PROVIDED DATA below:

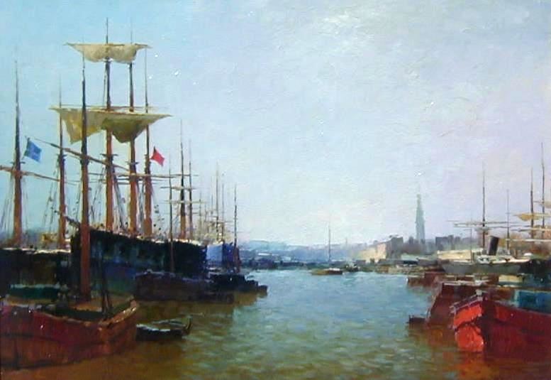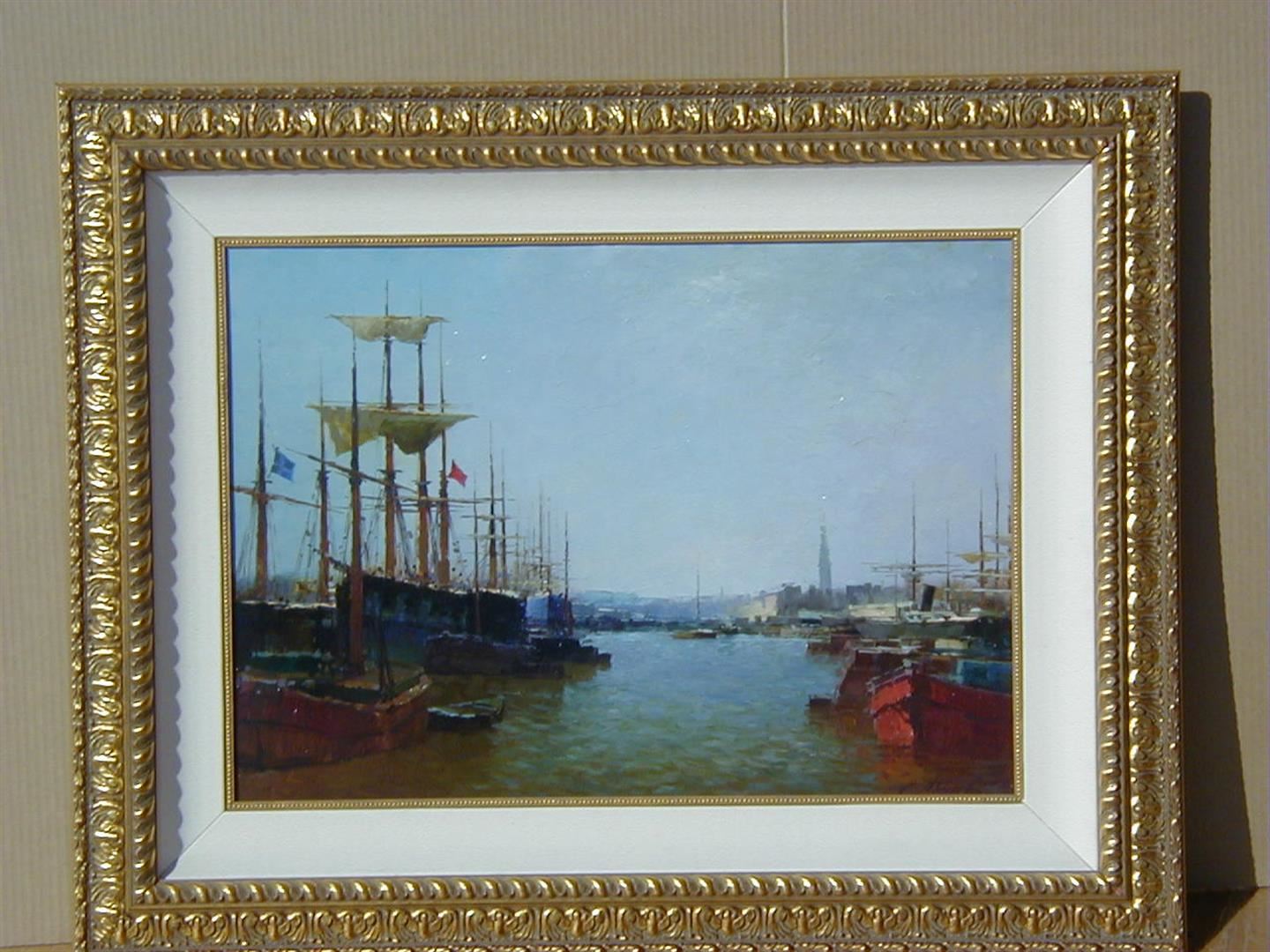 The classically-trained Russian artist, Alexander Popoff, with influences of Impressionism and Flemish painting, creates a sense of nostalgia in this oil painting of a busy sea harbor. The painting measures 19.625 x 27.5; framed image measures approx. 31.625 x 39.5.
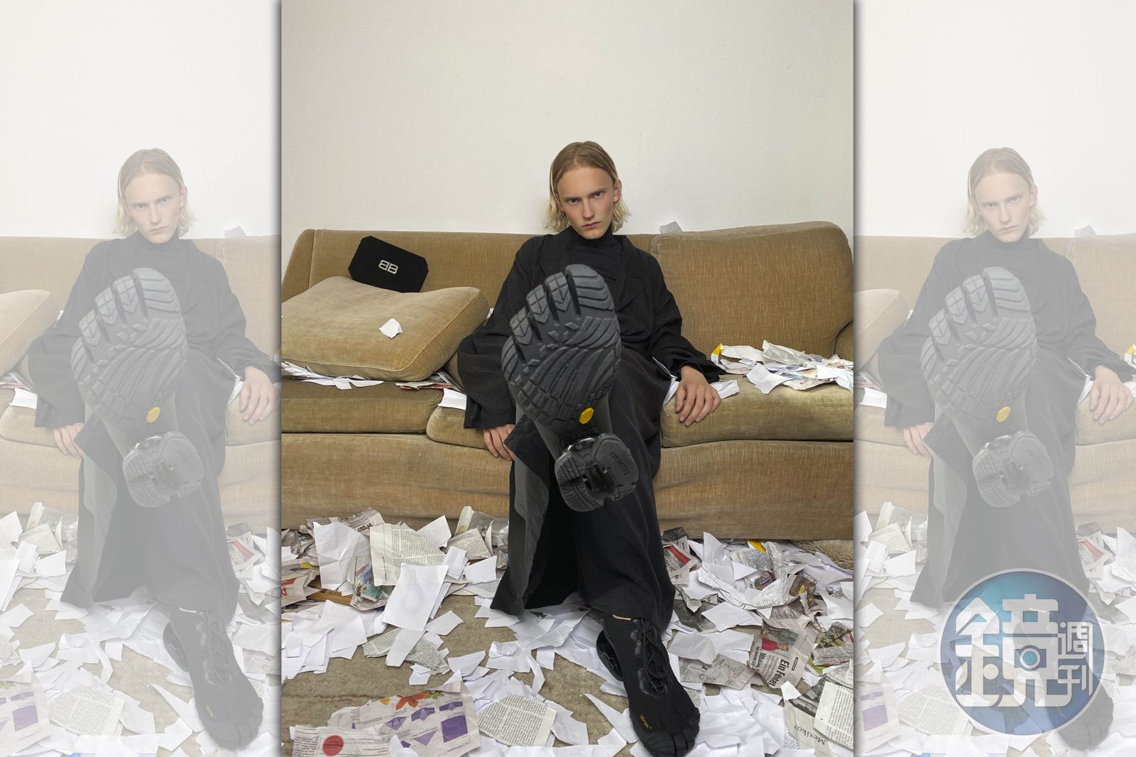 BALENCIAGA Toe採用創新的懸浮式鞋跟。(BALENCIAGA提供)BALENCIAGA Toe五趾鞋是品牌與義大利知名制鞋商Vibram合作所推出的鞋款,Vibram是全球知名的橡膠鞋底製造商,最出名的產品當屬專利五趾鞋(FiveFingers)系列,該系列的鞋底柔然,像手套一樣貼合人體的腳掌,並將每個腳趾分開,在行走或攀爬運動時為肌肉提供更好的抓地觸感。
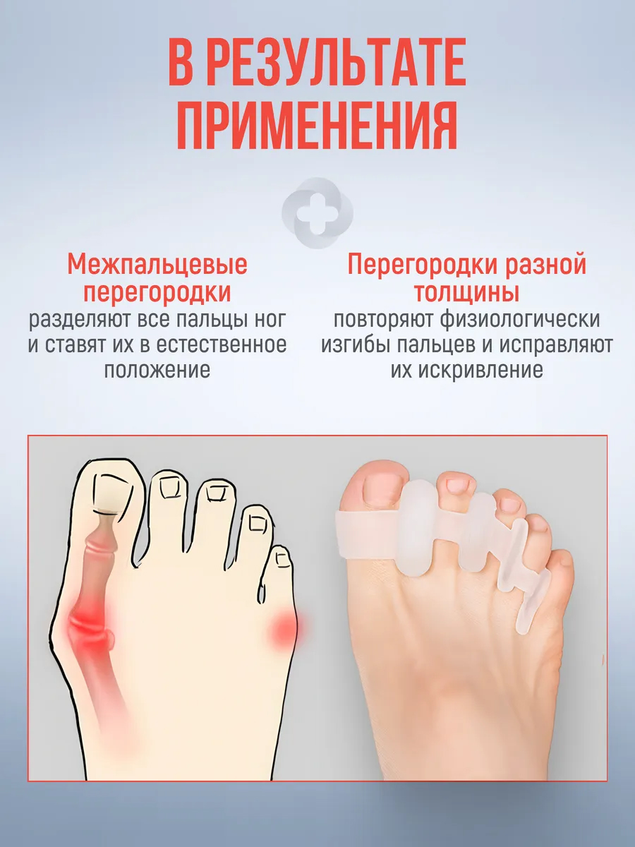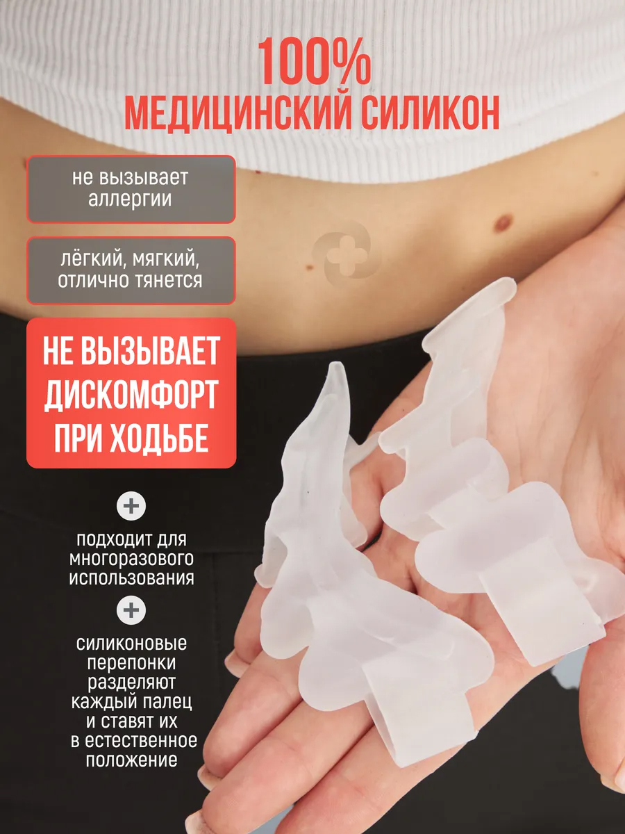 При регулярном ношении корректоры помогают избавиться от мозолей и натертостей. Силикон антизапах отводит лишнюю влагу и предотвращает потение ног, что снижает риск появления опрелостей. Результатом использования разделителей будет выравнивание неправильного положения пальцев ног и профилактика грибка. Эти бурсопротекторы рекомендованы врачами подологами и подходят для мужской, женской и детской обуви.

End of PROVIDED DATA.

**WORK INSTRUCTIONS**. Would you retype all the lines shown above, exactly as written and without any picture?

**ANSWER TO THE EXERCISE**.
 The classically-trained Russian artist, Alexander Popoff, with influences of Impressionism and Flemish painting, creates a sense of nostalgia in this oil painting of a busy sea harbor. The painting measures 19.625 x 27.5; framed image measures approx. 31.625 x 39.5.
 BALENCIAGA Toe採用創新的懸浮式鞋跟。(BALENCIAGA提供)BALENCIAGA Toe五趾鞋是品牌與義大利知名制鞋商Vibram合作所推出的鞋款,Vibram是全球知名的橡膠鞋底製造商,最出名的產品當屬專利五趾鞋(FiveFingers)系列,該系列的鞋底柔然,像手套一樣貼合人體的腳掌,並將每個腳趾分開,在行走或攀爬運動時為肌肉提供更好的抓地觸感。
 При регулярном ношении корректоры помогают избавиться от мозолей и натертостей. Силикон антизапах отводит лишнюю влагу и предотвращает потение ног, что снижает риск появления опрелостей. Результатом использования разделителей будет выравнивание неправильного положения пальцев ног и профилактика грибка. Эти бурсопротекторы рекомендованы врачами подологами и подходят для мужской, женской и детской обуви.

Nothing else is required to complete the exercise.